Ken Matthews, who is CEO, director, and founding partner of Matthews Steer Accountants & Advisors, told Accountants Daily that he doesn’t “believe in offshoring”, and has vowed never to do so.
“We're committed to employing and investing in local people,” Mr Matthews said.
“We made a strategic decision at a board level probably about four or five years ago that we weren't going to offshore because we wanted to continue to employ local kids and give them a career path.”
Mr Matthews said that in order to avoid offshoring and still thrive as a firm in a competitive marketplace they called on the help of a Victoria University PhD student to help them identify other efficiency measures.
“We realised we had to become bloody efficient. We realised we just really needed to streamline what we were doing so that we could compete with the firms that are outsourcing to the Philippines or India, which we just don't like,” Mr Matthews said.
“You can drive efficiency by having low staff turnover and through technology and through processes and client engagement. That makes you become efficient, productive and profitable.”

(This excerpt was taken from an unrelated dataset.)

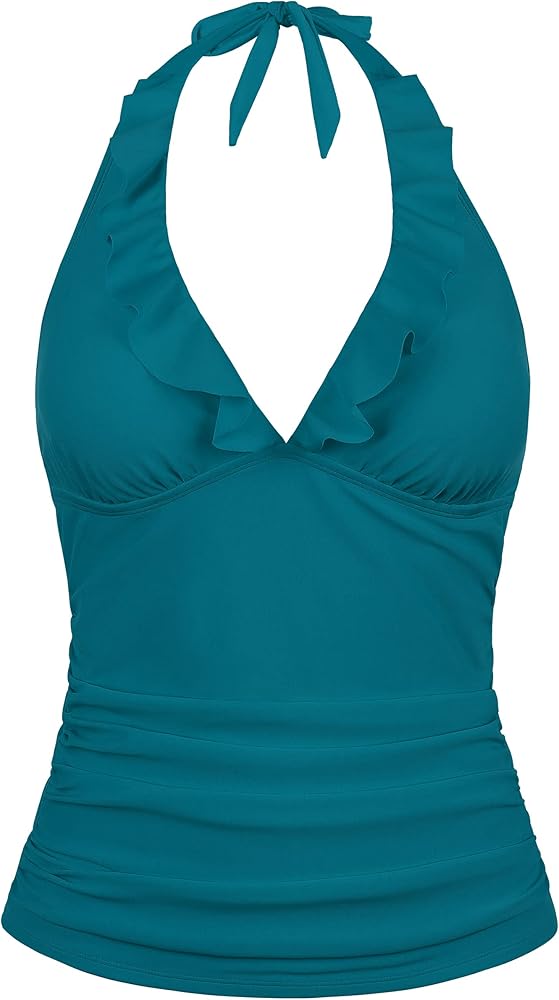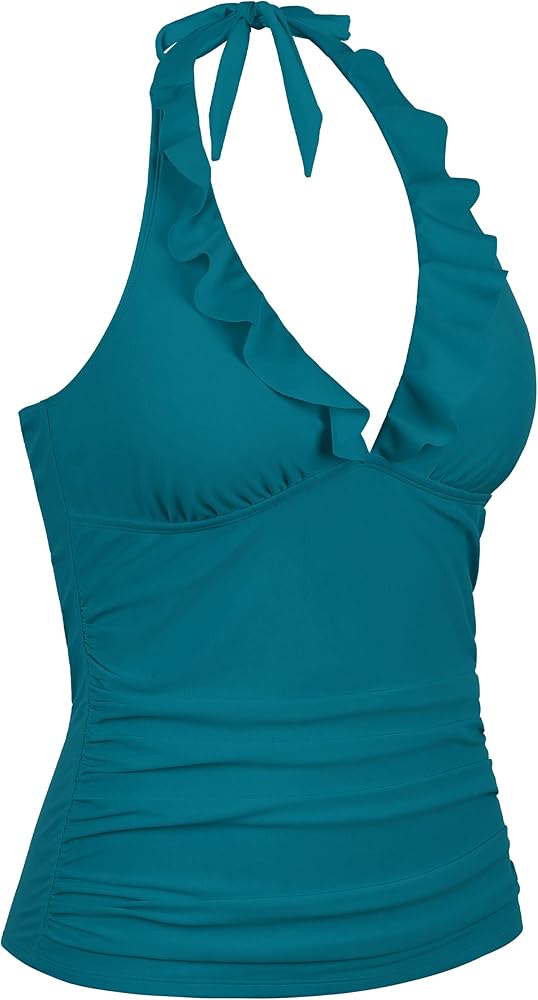womens ruffled tankini top made of quality nylon fabric, stretch, soft, durable, breathable and comfortable for summer beach time, not see-through, stylish halter swim tops for women

Mr Matthews believes that keeping the entire team onshore helps with employee attraction and retention, as well as succession planning in the long run.
“It's about having a business that is really attractive in a number of ways to your people that want to work at the firm,” Mr Matthews said.
“Unless you've got the right group of people that are aligned to your culture and your strategic vision, then your succession planning just won't work. Why would they buy in?”
This comes as offshoring continues to gain traction in the Australian accounting industry, with the regulators now taking note. The Tax Practitioners Board recently released a draft practice note which aims to assist registered tax practitioners understand obligations under the Code of Professional Conduct (Code) in relation to the use of outsourcing and offshoring.
While supportive of the practice note, The Outsourced Accountant president Nick Sinclair believes that it is angled towards a small part of outsourcing, which he believes isn’t the most popular tactic.
“The draft guidance is mainly written for project outsourcing, where you send your tax work offshore and the offshore provider completes it and returns it,” he said.
“It doesn’t cover much for the fastest growing area within the offshoring industry which is where a firm employs a dedicated employee for their firm through a third-party provider. While it is covered, it is only minimal and shows the real lack of understanding for the models of offshoring and outsourcing.”